Again, a good example is the construction of growth charts, where
not only are the individual height variations wider at the older 
than the younger end, but the variations may not even be symmetric 
-- let alone Gaussian!

In situations where the focus IS on the CENTRES (i.e. on the line
or curve), and the sample sizes are reasonably large, the
Gaussian-ness or non-Gaussian-ness of what the authors call the
E's becomes a non-issue.  This is for the same reasons that the
Z- or t- distribution is a reasonable reference distribution for
STATISTICS like a mean, or a difference of means.  The Central
Limit Theorem, APPLIED TO THE E's, ensures that even if the Es
are not Gaussian, aggregate statistics calculated from them have
closer-to-Gaussian variation.

I emphasized in an earlier chapter that estimated slopes
(regression coefficients) were linear combinations of Y's; each Y
in turn is a sum of a constant but unknowable, mu(Y|X) and an E.
So the random component of the slope is a linear combination of
E's.

5-4-2 Summary & Comments
========================

The first paragraph makes an important point, namely that the
Gaussian-ness (and homoscedasticity) are in terms of the E's, not
the Y's.  All too often, students (and others who should know
better) test or inspect for "normality" in the OVERALL dataset
(i.e. collapsed over levels of X) rather than X-SPECIFICALLY.
Recall my comments about the near Gaussian-ness of GENDER-SPECIFIC
adult heights, but the clear non-Gaussian-ness of the heights of 
undifferentiated adults.

The second paragraph makes some VERY important distinctions.
Please try not to mix them up.

It's too bad that the authors, even though they acknowledge the
confusion the term "normal" can cause, do not themselves try to
avoid the term.

I'm not sure where the term "normal" distribution originated, but
my guess that it goes back to Quetelet and Galton and the idea of
"l'homme moyenne".

Lastly, on another historical note, some would argue with giving
all the credit for the equation of the "Bell Curve" to Carl Gauss.

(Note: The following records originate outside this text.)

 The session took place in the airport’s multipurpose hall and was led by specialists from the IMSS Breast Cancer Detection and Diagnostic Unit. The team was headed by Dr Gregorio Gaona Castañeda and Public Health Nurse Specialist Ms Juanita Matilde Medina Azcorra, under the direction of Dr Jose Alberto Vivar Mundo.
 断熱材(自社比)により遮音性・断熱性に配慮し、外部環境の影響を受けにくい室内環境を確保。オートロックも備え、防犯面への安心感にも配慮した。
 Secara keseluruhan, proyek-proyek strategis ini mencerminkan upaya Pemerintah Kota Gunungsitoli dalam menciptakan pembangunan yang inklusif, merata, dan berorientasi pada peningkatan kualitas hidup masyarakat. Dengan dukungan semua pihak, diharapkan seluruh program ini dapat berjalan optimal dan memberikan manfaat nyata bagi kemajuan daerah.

For portraits of some of those who "discovered" the equation, see

   www-groups.dcs.st-and.ac.uk/~history/PictDisplay/Gauss.html

Stigler's book gives some of the history of the equation and of
the large subsequent role of Quetelet and Galton.

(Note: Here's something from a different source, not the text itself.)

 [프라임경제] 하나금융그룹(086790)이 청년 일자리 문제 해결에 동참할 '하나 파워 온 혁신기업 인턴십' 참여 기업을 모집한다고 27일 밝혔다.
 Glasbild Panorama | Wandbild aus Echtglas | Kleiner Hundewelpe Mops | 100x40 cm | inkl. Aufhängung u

5-5 Determining the best-fitting Line
=====================================

Eyefits tend to overestimate the slope. see Mosteller article on 
web page; I will also try to demonstrate this.  The reason has to
do mainly with the criterion our eye (brain) uses.  Whereas the 
least squares method minimizes the average squared VERTICAL 
deviation form of the Y's the line, our eye uses instead the 
PERPENDICULAR distances of the points from the line. Mosteller
referes to this as the major axis, or principal component. Thus, 
our eye would tend to give the same line whether we asked for a 
fit of Y on X, or X on Y.  The least squares line of Y on X does 
not have a slope which is the reciprocal of the slope of X on Y.
The eyefit, using the perpendicular  deviations, is usually 
in-between the two Least Squares lines.

5-5-1 Least Squares Estimator
=============================

Note that we are minimizing the sum of the squared deviations of
Y from the line.  Note also that this is a purely mathematical
criterion, leading to a purely mathematical solution.

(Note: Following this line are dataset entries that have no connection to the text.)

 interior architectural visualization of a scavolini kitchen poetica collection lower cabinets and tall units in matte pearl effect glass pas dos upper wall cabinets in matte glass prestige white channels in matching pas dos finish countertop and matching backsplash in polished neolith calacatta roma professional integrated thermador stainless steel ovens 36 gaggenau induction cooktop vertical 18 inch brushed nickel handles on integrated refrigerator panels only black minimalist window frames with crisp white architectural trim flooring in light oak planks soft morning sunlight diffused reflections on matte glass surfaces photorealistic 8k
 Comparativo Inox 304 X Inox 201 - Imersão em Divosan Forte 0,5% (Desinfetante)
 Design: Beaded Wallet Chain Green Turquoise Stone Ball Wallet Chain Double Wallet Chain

5-5-2 Minimum Variance Estimator
================================

Note that here the focus is on getting good estimates of beta_0
and beta_1 per se, rather than getting a line that is close to
the data.

5-5-3 Least Square Solution
===========================

The method, and the proof, date back to just after the French
revolution.  In one of the most famous applications, those
charged with deciding how large was the circumference of the
earth (upon which the length of the metre was based) had to
reconcile the fact that 21 observations, involving 3 unknowns,
didn't "add up", and so must have contained errors.  Rather than
solving the equations 3 at a time, and averaging the 7 sets of
answers, Legendre arrived at the elegant and less arbitrary Methode
des moindres quarres.

  www-groups.dcs.st-and.ac.uk/~history/PictDisplay/Legendre.html

A correction regarding computer packages (p. 49):  SAS, SPSS, 
SYSTAT, MINITAB and GLIM are available for Mac computers.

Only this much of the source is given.